ZMIANA PRAWA - Nie będzie już wymagany dwuletni staż pracy w administracji, aby objąć funkcję kierowniczą w samorządzie. Wystarczy przepracować trzy lata w dowolnym zawodzie.
Wczoraj w Sejmie odbyło się drugie czytanie rządowego projektu ustawy o pracownikach samorządowych. Zakłada m.in. obowiązek utworzenia w gminach, starostwach powiatowych i urzędach marszałkowskich stanowiska sekretarza. Obecnie w wielu gminach i urzędach miasta nie ma takiego stanowiska.
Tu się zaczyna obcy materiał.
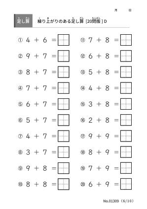 順番に並んでいる「繰り上がりのある足し算 D」無料ダウンロード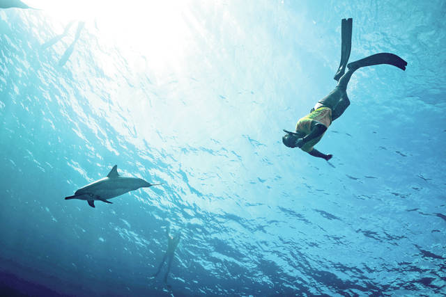 John Kowtiz/Courtesy Photo A diver descends with dolphins during the Hawaii Cup at Honaunau Bay.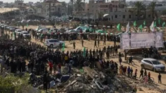 علم الأردن على منصة تسليم الأسرى بغزة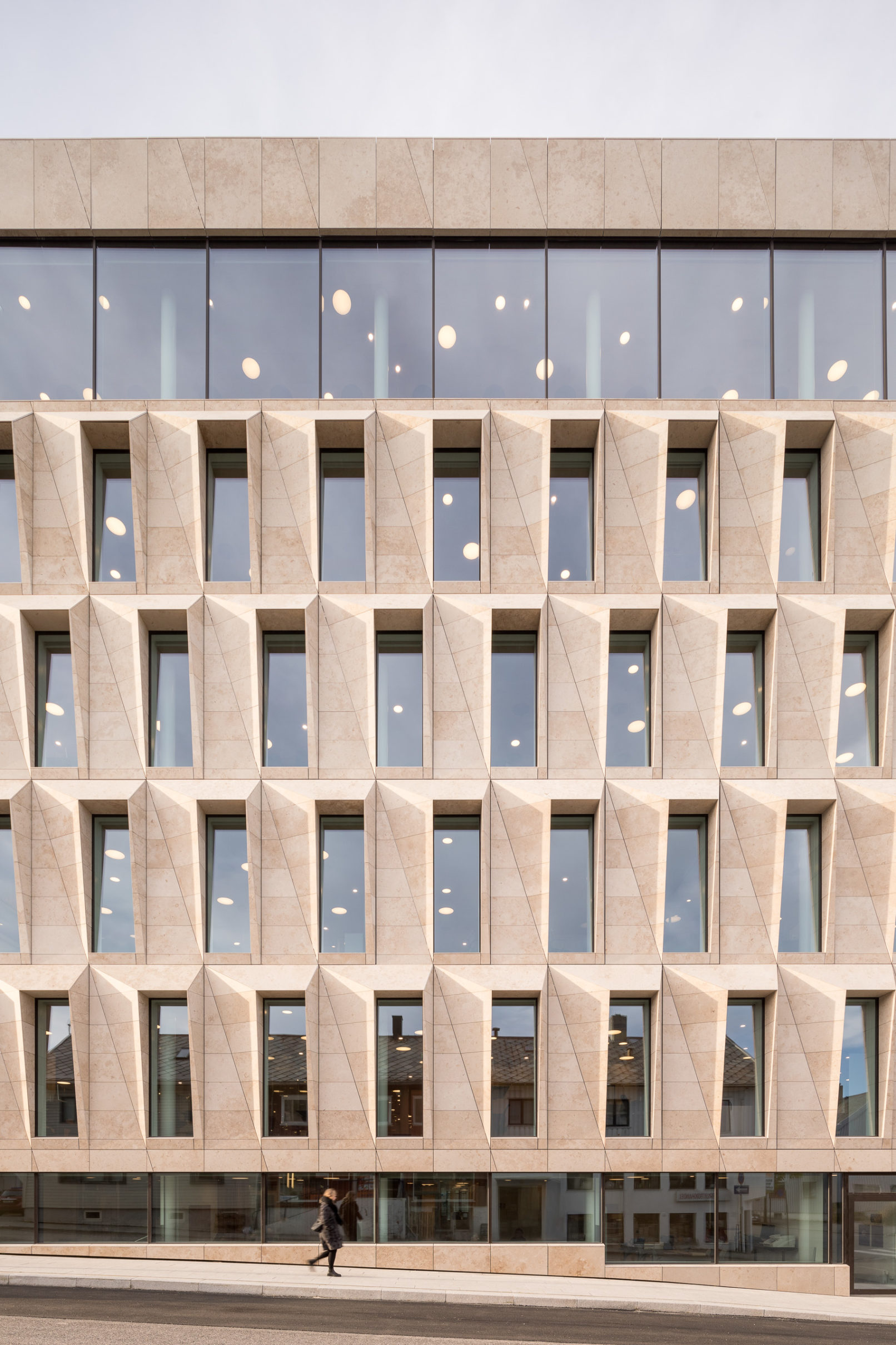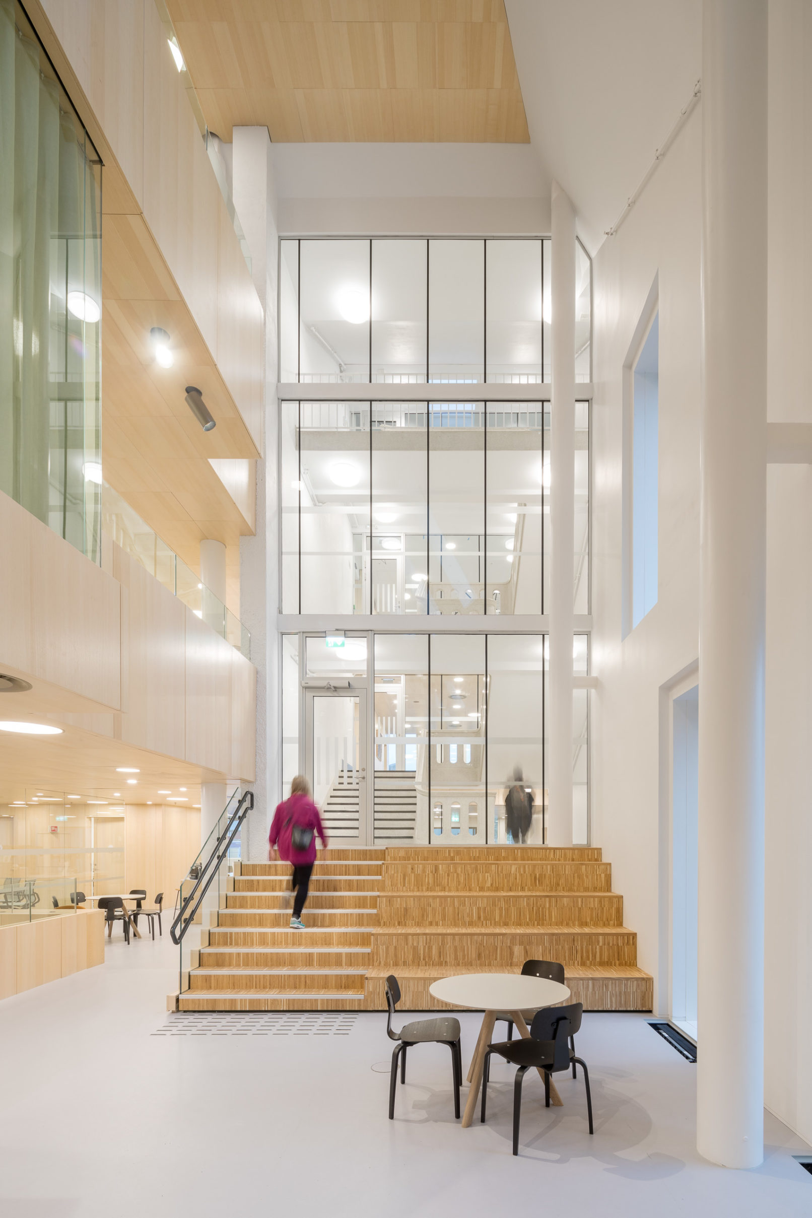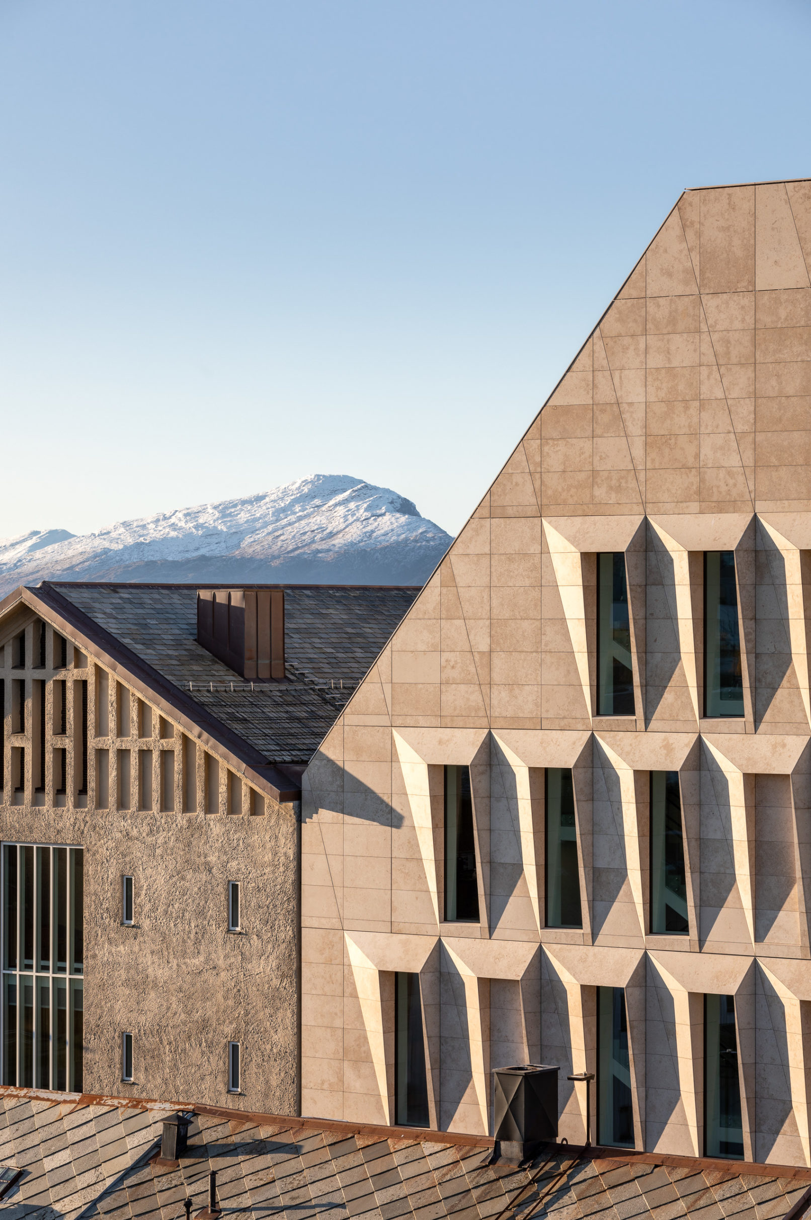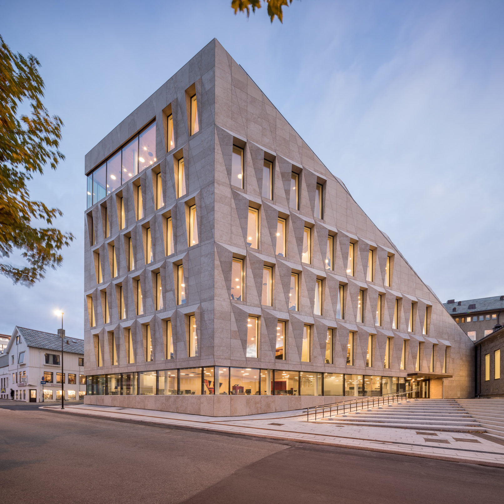 The design of a new town hall for Bodø involves the renovation and transformation of three existing, preservation-worthy buildings. The insertion of a new work space for 400 employees takes the form of a stone prism, faceted to allow sunlight to reach the preserved buildings. The new work space stitches together the three old buildings, becoming the heart and central meeting place of the town hall campus. A canteen with panoramic views caps the new building.

- Sekretarz ma funkcjonować na wzór dyrektora generalnego w urzędach - przekonuje Adam Leszkiewicz, zastępca szefa Kancelarii Prezesa Rady Ministrów.
Dodaje, że nie będzie mógł, jak dyrektor generalny, tworzyć i być członkiem partii politycznej. Jerzy Rębek, poseł PiS, wskazuje, że zakazanie sekretarzowi uczestnictwa w partii politycznej jest fikcją, bo będą oni zatrudniani przez polityków (np. wójta), a nie jak obecnie przez radę. Podobnego zdania jest Witold Gintowt-Dziewałtowski, członek Rady Służby Publicznej, poseł Lewicy, który uważa, że wymóg apolityczności sekretarza jest niemożliwy do spełnienia.
Ustawa zakłada, że o stanowisko kierownicze w samorządzie będzie mogła ubiegać się osoba z wyższym wykształceniem, która ma co najmniej trzyletni staż pracy lub przez taki sam okres prowadzi działalność gospodarczą i ma wykształcenie wyższe.
- Ma to na celu zachęcenie do pracy w samorządach osób z doświadczeniem menedżerskim lub biznesowym - wyjaśnia Adam Leszkiewicz.
Witold Gintowt-Dziewałtowski wskazuje, że dopuszczenie osób, które prowadzą działalność gospodarczą, do stanowisk kierowniczych może doprowadzić do tego, że będą je obejmować osoby niemające żadnego doświadczenia w zarządzaniu ludźmi. Według niego przepis ten powinien być doprecyzowany o wskazanie rodzaju takiej działalności. Obecnie o stanowisko kierownicze mogą się ubiegać osoby mające dwuletni staż pracy w administracji.
Ustawa przewiduje też likwidację zatrudniania w gminach na podstawie mianowania.
- Pracownicy mianowani stracą swój status 1 stycznia 2012 r., a ich stosunek pracy zostanie przekształcony w umowę na czas nieokreślony - wyjaśnia Halina Rozpondek, poseł sprawozdawca PO.
Samorządowcy będą teraz zatrudniani na podstawie wyboru, powołania i umowy o pracę. Nabór kandydatów na wolne stanowiska, w tym także kierownicze, ma być otwarty i konkurencyjny. Pracownicy, którzy będą dobrze i sumiennie wykonywać obowiązki, mogą zostać przeniesieni na wyższe stanowisko. Przeniesienie ma się odbywać w ramach wolnych stanowisk, na które nie został przeprowadzony nabór. Samorządy nie będą więc już musiały przeprowadzać na każde wolne stanowisko otwartego naboru.
Wzorem ustawy o służbie cywilnej osoby, które po raz pierwszy podejmują pracę w samorządach, będą musiały odbyć służbę przygotowawczą. Będzie się ona kończyć egzaminem. Zdaniem Haliny Rozpondek dzięki odbyciu służby przygotowawczej pracownicy będą lepiej przygotowani do wykonywania swoich obowiązków. Ustawa zakłada też, że o niektóre stanowiska w samorządzie będą mogli ubiegać się obywatele UE i państw, które na podstawie umów międzynarodowych mają możliwość zatrudnienia w Polsce. Osoby te będą musiały wykazać się znajomością języka polskiego. Zmieni się także czas pracy urzędników. Będzie bardziej elastyczny i wyniesie przeciętnie 40 godzin tygodniowo i osiem godzin dziennie.